The RCAF Harvard Mk. II, a variant of the North American T-6 Texan, was a World War II era military trainer numbered 3309. It was piloted by Acting Pilot Officer Thomas Andrew Thorrat, 22 years old from Kirkcaldy, Fife, Scotland, a student pilot with 170 total flying hours logged.

==Investigation==
The RCAF, Trans-Canada Airlines, and the Canadian Board of Transport all launched their own investigations into the accident. After examining all available evidence, they determined the most likely accident sequence: The Harvard struck the North Star with its propeller and starboard wing near the airliner's No.1 engine, rupturing the outboard fuel tank and causing an explosion. Training Cadet Thorrat was probably killed at this time. The Harvard then ploughed into the North Star's fuselage between the wing's trailing edge and the passenger door. The inboard fuel tank in the airliner's left wing then exploded, causing the No.1 engine to detach from its mount while the wing was torn from the aircraft near the root. The Harvard's engine separated from its airframe and entered the passenger seating area, while the remaining bulk of the trainer sliced off the airliner's empennage. The severely damaged airliner continued westbound briefly, then pitched nose down and entered an almost vertical spiraling descent, as passengers and luggage were expelled from the large opening in the rear of the fuselage.

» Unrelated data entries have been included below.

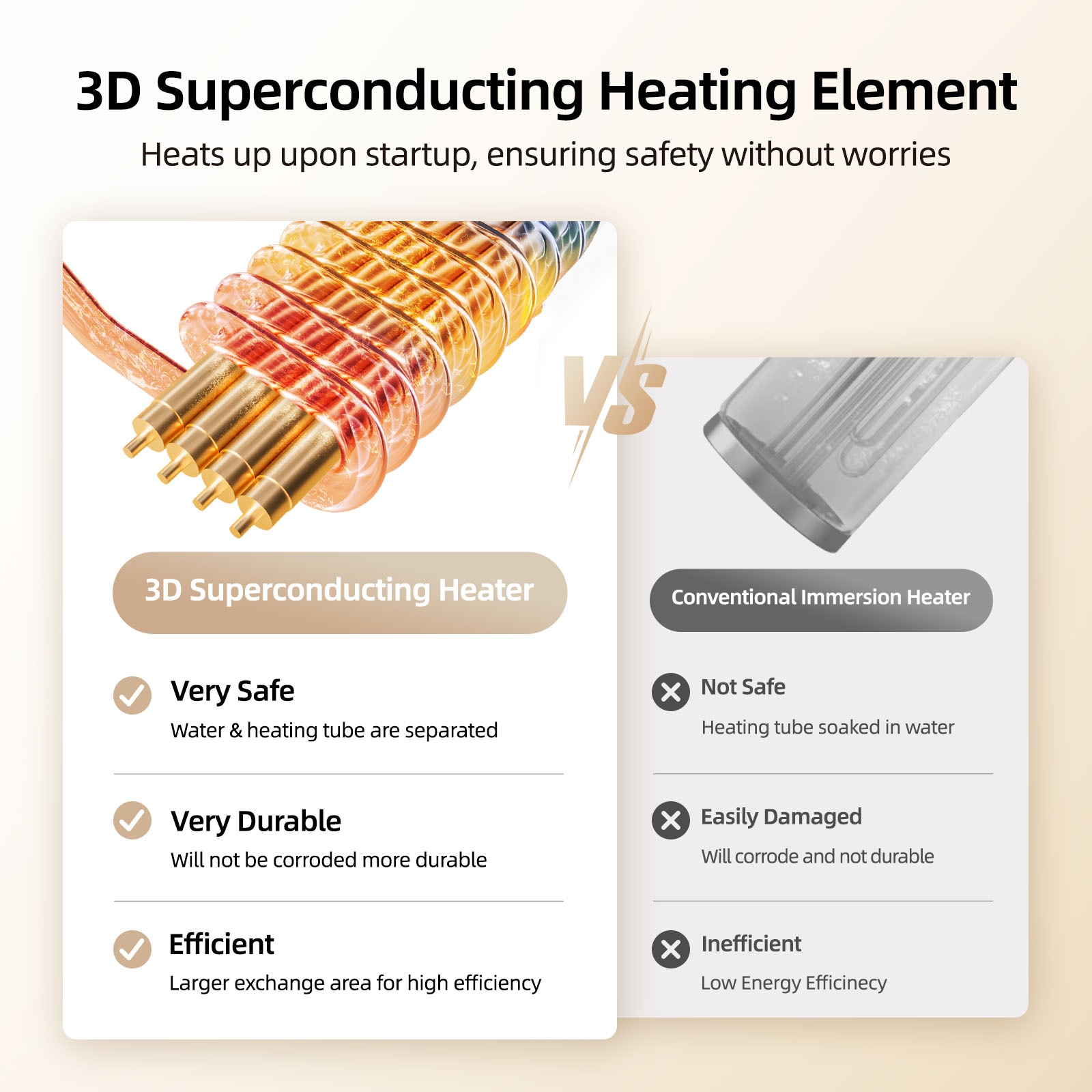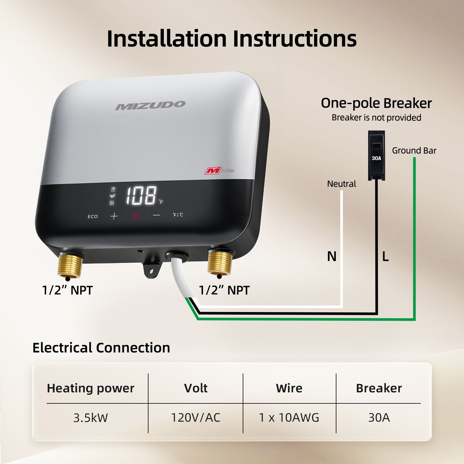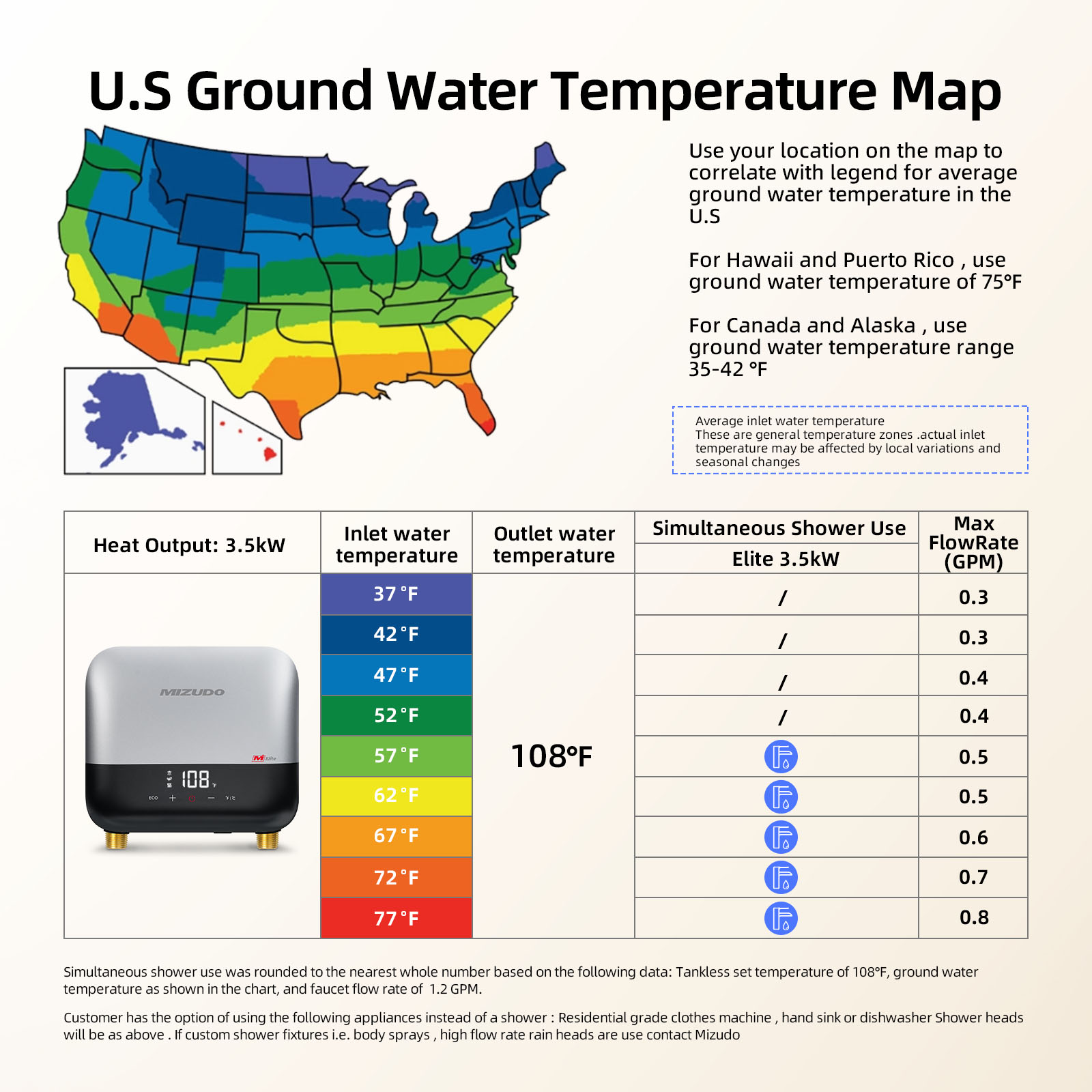 MIZUDO electric tankless water heater is equipped with a digital display, touch panel, powered by power. Users can customize the hot water temperature according to their needs. Not recommended for inlet temp lower than 57F, since faucet recommended GPM is 0.5 GPM.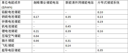 下表為各種儲能技術在各領域的單位電能成本比較: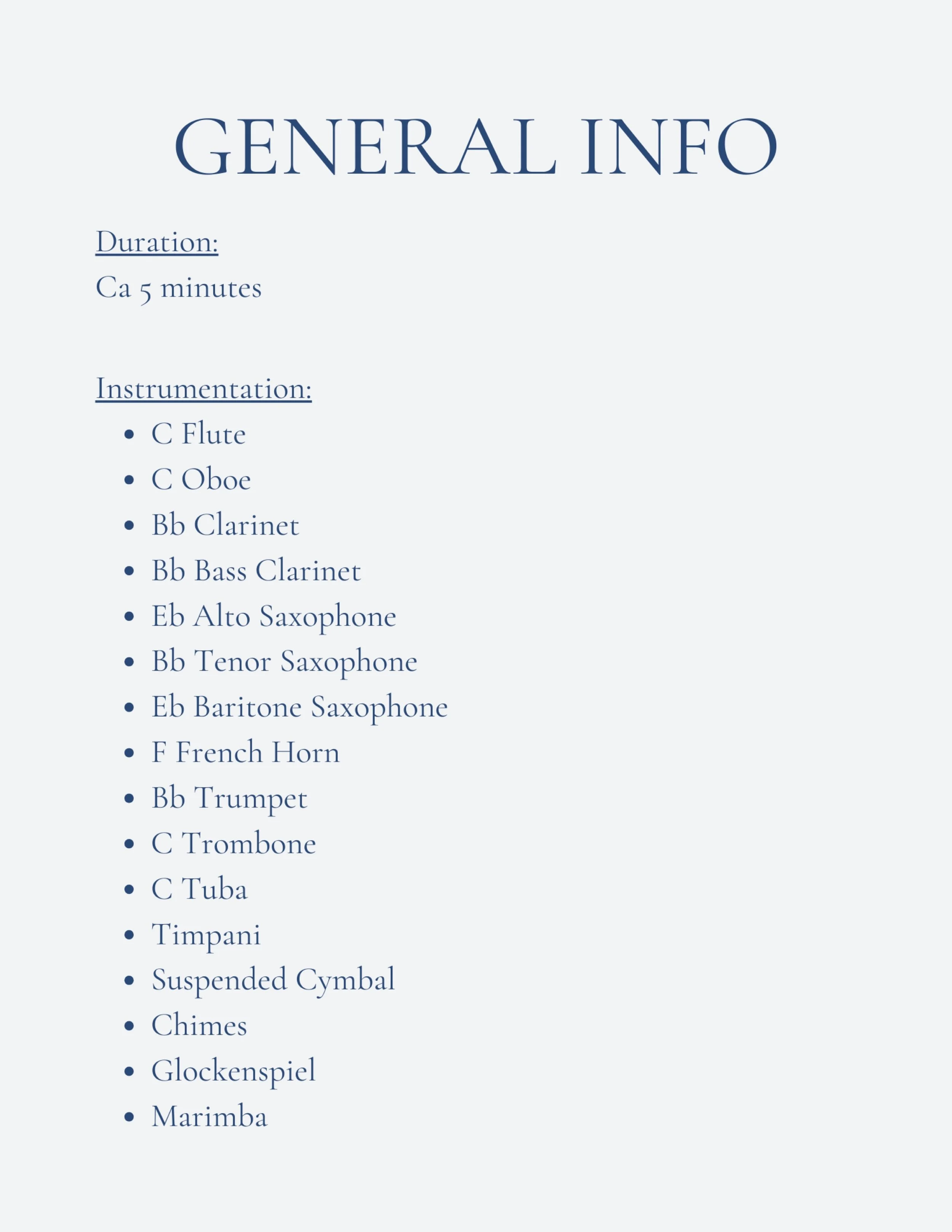 A document titled 'General Info' listing musical instruments including flutes, clarinets, saxophones, trumpets, trombone, tuba, cymbal, chimes, and marimba, along with the duration of approximately 5 minutes.

The report completed by the Canadian Board of Transport cited three elements likely contributing to causing the accident. Firstly, both aircrews failed to see and avoid each other. While ascending, the Harvard passed through an airway regularly used by commercial aircraft. Also, there was the possibility that the bright yellow Harvard was not seen by the Northstar's crew due to a window post in their line of sight.

The accident was a catalyst for changes in aviation practices in the airspace near Moose Jaw. The Green One airway was diverted to the north of the town to keep airliners at a safe distance from the RCAF base. A new regulation was implemented requiring aircraft flying in opposite directions to maintain separate altitudes. And RCAF Station Moose Jaw changed its flight rules concerning flight over Moose Jaw, mandating that operation take place south of the town.